I've tried to comment the code enough so you can modify it to your own needs, one of the most common requirements would be to add mounting holes to affix the PCB to a more solid foundation. For this there is I've provided a module you can modify that is already called when the object is generated:

 /* Modify the base plate     **     ** The objects defined here will be subtracted from the base plate. You can     ** use this to define mounting holes, etc. The example code given here     ** creates holes for M3 mounting bolts - if you want to do this you should     ** increase the value of 'BASE_PLATE_EXTRA' to 5 or more.     */     module modify_baseplate() {     /* Sample code to create M3 mounting holes     **     ** See notes above for more details.     **       mid_width = (BASE_PLATE_HOLE_WIDTH / 2) + ((BASE_PLATE_WIDTH - BASE_PLATE_HOLE_WIDTH) / 4);       mid_breadth = (BASE_PLATE_HOLE_BREADTH / 2) + ((BASE_PLATE_BREADTH - BASE_PLATE_HOLE_BREADTH) / 4);       // Generate mounting holes for M3 bolts on each edge of the frame       translate(v = [ 0, mid_breadth, 0 ]) {         cylinder(r = 1.5 + (2 * FUDGE_FACTOR), h = 3 * BASE_PLATE_HEIGHT, center = true, $fs = 0.3);         }       translate(v = [ 0, -mid_breadth, 0 ]) {         cylinder(r = 1.5 + (2 * FUDGE_FACTOR), h = 3 * BASE_PLATE_HEIGHT, center = true, $fs = 0.3);         }       translate(v = [ mid_width, 0, 0 ]) {         cylinder(r = 1.5 + (2 * FUDGE_FACTOR), h = 3 * BASE_PLATE_HEIGHT, center = true, $fs = 0.3);         }       translate(v = [ -mid_width, 0, 0 ]) {         cylinder(r = 1.5 + (2 * FUDGE_FACTOR), h = 3 * BASE_PLATE_HEIGHT, center = true, $fs = 0.3);         }     */       }

The code is commented out but, if enabled, would generate a set of mounting holes for M3 bolts in the center of each edge of the base plate (you do need to modify the BASEPLATEEXTRA variable to add some additional plate space to accommodate the holes without weakening the structure). Any object generated by this module will be subtracted from the base plate. This, combined with modifications to the main variables, gives you a fair bit of flexibility to adjust the object to your needs.

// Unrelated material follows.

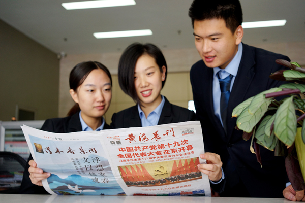 中國共產(chǎn)黨第十九次全國代表大會(huì)于10月18日上午在北京隆重開幕。連日來,我集團(tuán)廣大干部職工迅速自發(fā)掀起學(xué)習(xí)貫徹十九大精神的高潮。有的通過網(wǎng)絡(luò)直播收看黨的十九大開幕盛況,有的通過報(bào)刊、微信等途徑認(rèn)真學(xué)習(xí)習(xí)近平同志代表第十八屆中央委員會(huì)向大會(huì)所作的報(bào)告和相關(guān)會(huì)議精神。 廣大職工紛紛表示,十九大的勝利召開,為民營企業(yè)的發(fā)展描繪了更加燦爛的前程,將不忘初心,牢記“興家、興業(yè)、報(bào)國”的企業(yè)使命,立足工作崗位,從思想武裝入手,以實(shí)際行動(dòng)貫徹黨的十九大精神;努力學(xué)習(xí)創(chuàng)新,全面提升產(chǎn)品質(zhì)量和服務(wù)水平,為實(shí)現(xiàn)中華民族偉大復(fù)興、中國夢不懈奮斗。(文圖/黃夢鴿)

More generally I've recently added a glass bed to my printer by simply buying a cheap photo frame of around the right size and using bulldog clips to attach it. I had to adjust the limit switch detecting the zero level of the bed and then re-align the bed balancing (a process that has taken several hours so far and is not yet complete). The end result has been well worth it - the glass bed sticks well during the printing phase (I start with 95C for the first layer and then drop to 85C for the remaining layers) but makes it far easier to remove the printed objects once they are done (a few seconds of cooling and they practically fall off). It's also a lot easier to clean the print bed - I can remove it completely and use cotton balls soaked in acetone (at the moment I'm using fingernail polish remover that is about 80% acetone) to clean it before re-attaching.

At the moment I'm having some problems balancing the print bed correctly - I don't think the cheap glass is entirely uniform in thickness. Because the glass extends beyond the print area it is acting like a heat sink and bleeding heat from the edges - prints that push to the limit of my print bed area are peeling at the edges. Some more experimentation to go I think.